The above coding is done using the Jupyter Notebook however for deployment we will be shifting to PyCharm since we need to create a web application and a web server needs to be run for capturing the request from the user for prediction.

import numpy as np
import pandas as pd
import pickle
from flask import Flask,request,jsonify,render_template

app = Flask(__name__)
model = pickle.load(open('model.pkl','rb'))

@app.route('/')
def home():
    return render_template('index.html')

@app.route('/predict',methods=['GET','POST'])
def predict():
    ##For rendering result on HTML interface
    if request.method=='POST':
        features = [x for x in request.form.values()]
        source_dict = {'Bangalore': 0, 'Chennai': 1, 'Delhi': 2, 'Kolkata': 3, 'Mumbai': 4}
        destination_dict = {'Bangalore':0,'Cochin':1,'Delhi':2,'Kolkata': 3,'Hyderabad':4,'New Delhi':5}
        airline_dict = {'IndiGo': 3, 'Air India': 1, 'Jet Airways': 4, 'SpiceJet': 8, 'Multiple carriers': 6, 'GoAir': 2, 'Vistara': 10, 'Air Asia': 0, 'Vistara Premium economy': 11, 'Jet Airways Business': 5, 'Multiple carriers Premium economy': 7, 'Trujet': 9}
        source_value = features[0]
        dest_value = features[1]
        date_value = features[2]
        airline_value = features[3]
        
        stops_value = int(features[4])   

        a= pd.Series(source_value)
        source = a.map(source_dict).values[0]   
        b= pd.Series(dest_value)
        destination = b.map(destination_dict).values[0] 
        c= pd.Series(airline_value)
        airline = c.map(airline_dict).values[0]   

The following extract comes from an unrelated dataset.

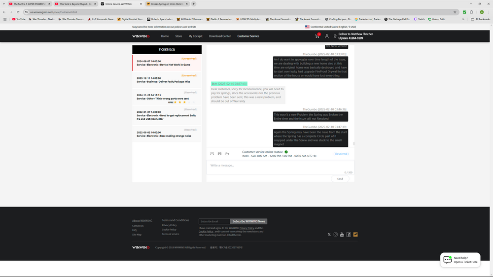 Hello Guys so had spring Break on the Orion as well but noticed some people are using the Older Version of the Device, can anyone got a Source where can get replacements they are not the same as the Older Version of the Orion. You can see how in the old version the notch in the new version that the springs opening catch's to, and in the new Version the Notch is removed and that raised Circle is put in place of notch with hole in it, the springs opening sits around the raised circle and then the Screw screws into that circle. WinWing trying to charge me for them and I refuse to pay because I am still under warranty and they don't want to send me replacement Springs because they already had to replace the entire Guts because they didn't listen the first time when I told them it was a bad Haul Sensor, so they sent me new Board and Wires which I replaced didn't fix the issue which I also offered to ship them the device to fix which they wouldn't do but after a month of back and forth they finally sent me the Haul Sensor and now refuse to send me Springs unless I pay for them because they sent all those other Parts. WinWing a Good Company to a Point like most others the issue is they think they know more than the people using the devices which as you can see they do not and now hold me responsible for their Fk up and I refuse to pay them for the springs while the device is still under warranty. Here is Picture of old and new Version of the Orions cams and springs, Also added Pic of Conversation with WinWing and them telling me I had to pay for springs lol Sure I will get right on that for you! But if anyone knows were I can get the Correct Springs please let me know the Libra Springs wont work they are to Tight and thank you all. null

        day = int(pd.to_datetime(date_value, format="%Y-%m-%dT%H:%M").day)    
        month = int(pd.to_datetime(date_value, format="%Y-%m-%dT%H:%M").month)  

        hour = int(pd.to_datetime(date_value, format ="%Y-%m-%dT%H:%M").hour)
        minute = int(pd.to_datetime(date_value, format ="%Y-%m-%dT%H:%M").minute)
           
        if  source==destination:
            return render_template('index.html',pred='Source and Destination City cannot be same. Please try again! ')
            
        else:
            pred_features = [np.array([day,month,stops_value,hour,minute,airline,source,destination])]
            prediction = model.predict(pred_features)

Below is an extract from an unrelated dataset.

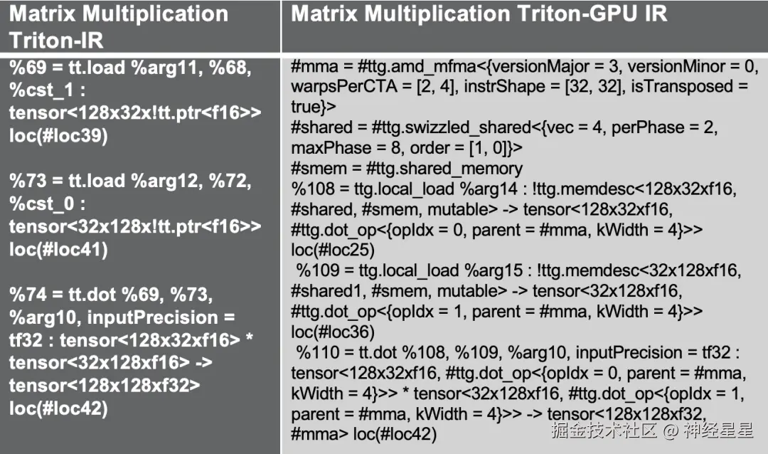 首先,针对 AMD GPU 的加速矩阵乘法, 优化重点在于 Triton 中点乘操作的输入/输出布局,使其更好地兼容 AMD 的矩阵计算单元(如 Matrix)。该优化涉及大量针对 CDNA 架构的匹配处理,是整个实现中工作量较大的一部分。如果希望在 AMD 平台上对 Triton 生成的代码进行深度优化,这部分实现值得重点参考。

            if stops_value==0:
                output = round(prediction[0],0)

            else:
                output = round(prediction[0],0)-2000


            return render_template('index.html',pred='The Flight Fare for the given date is:-  INR {}'.format(output))
    else:
        return render_template('index.html')
if __name__=='__main__':
    app.run(debug=True)
Outout

Out 1

The above screenshot is of the home page of our model in Heroku where it is being deployed.

Out 1

The above figure shows the predicted output after clicking the predict button.